Word for word, restate the listing; omit the pictures.

* **Given information**:
BEGIN
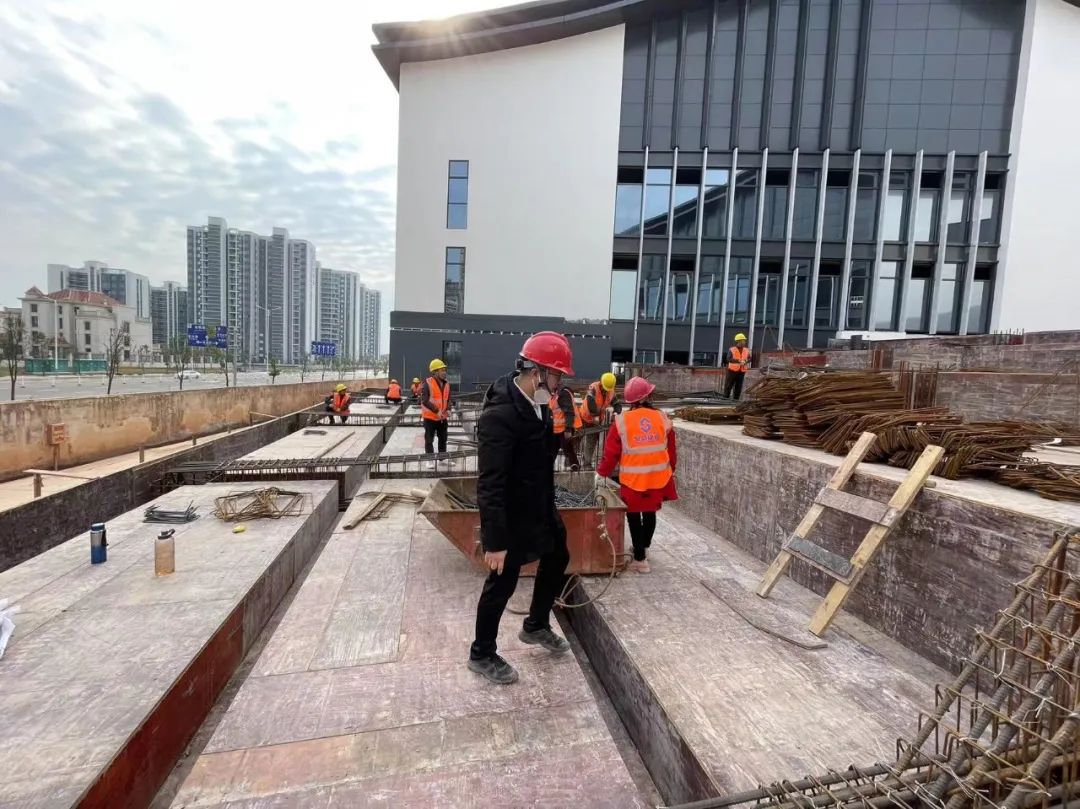 贛州經(jīng)開區(qū)文化藝術(shù)中心項目作為市區(qū)重點建設(shè)項目,項目部積極響應政府號召,春節(jié)期間不停工,全力保安全抓進度促生產(chǎn),奮力沖刺一季度“開門紅”。項目經(jīng)理官輝說道,“在春節(jié)期間,我們安排了工人堅守崗位,在保證安全的前提下,盡量去推進進度?!痹擁椖坎繛楸U洗汗?jié)期間施工正常有序進行,重點加強施工安全管理,堅決杜絕安全事故發(fā)生,同時積極做好餐飲、文化、娛樂等后勤保障工作。
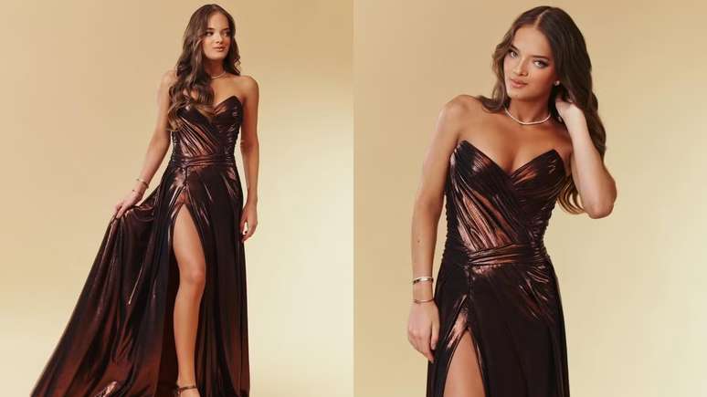 No entanto, para completar seu visual sofisticado, Rafaella optou por sandálias de tiras delicadas, um colar brilhante e uma maquiagem que ressaltava seus olhos claros e realçava seus lábios com tons neutros. Seus cabelos estavam soltos, adornados com cachos suaves, complementando o look ideal para uma ocasião tão especial. Em uma publicação nas redes sociais, a jovem expressou: "Pronta para uma noite especial".
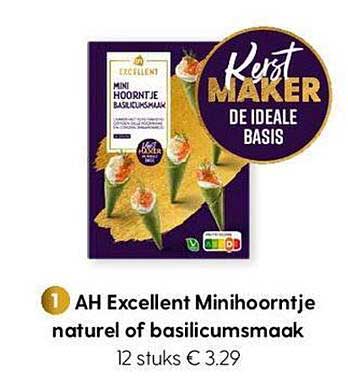 Bekijk nu de AH Excellent Minihoorntje naturel of basilicumsmaken aanbieding in de Albert Heijn folder. Deze aanbieding is geldig van 09-12-2024 tot en met 25-12-2024.
END
* **Task output**:
 贛州經(jīng)開區(qū)文化藝術(shù)中心項目作為市區(qū)重點建設(shè)項目,項目部積極響應政府號召,春節(jié)期間不停工,全力保安全抓進度促生產(chǎn),奮力沖刺一季度“開門紅”。項目經(jīng)理官輝說道,“在春節(jié)期間,我們安排了工人堅守崗位,在保證安全的前提下,盡量去推進進度?!痹擁椖坎繛楸U洗汗?jié)期間施工正常有序進行,重點加強施工安全管理,堅決杜絕安全事故發(fā)生,同時積極做好餐飲、文化、娛樂等后勤保障工作。
 No entanto, para completar seu visual sofisticado, Rafaella optou por sandálias de tiras delicadas, um colar brilhante e uma maquiagem que ressaltava seus olhos claros e realçava seus lábios com tons neutros. Seus cabelos estavam soltos, adornados com cachos suaves, complementando o look ideal para uma ocasião tão especial. Em uma publicação nas redes sociais, a jovem expressou: "Pronta para uma noite especial".
 Bekijk nu de AH Excellent Minihoorntje naturel of basilicumsmaken aanbieding in de Albert Heijn folder. Deze aanbieding is geldig van 09-12-2024 tot en met 25-12-2024.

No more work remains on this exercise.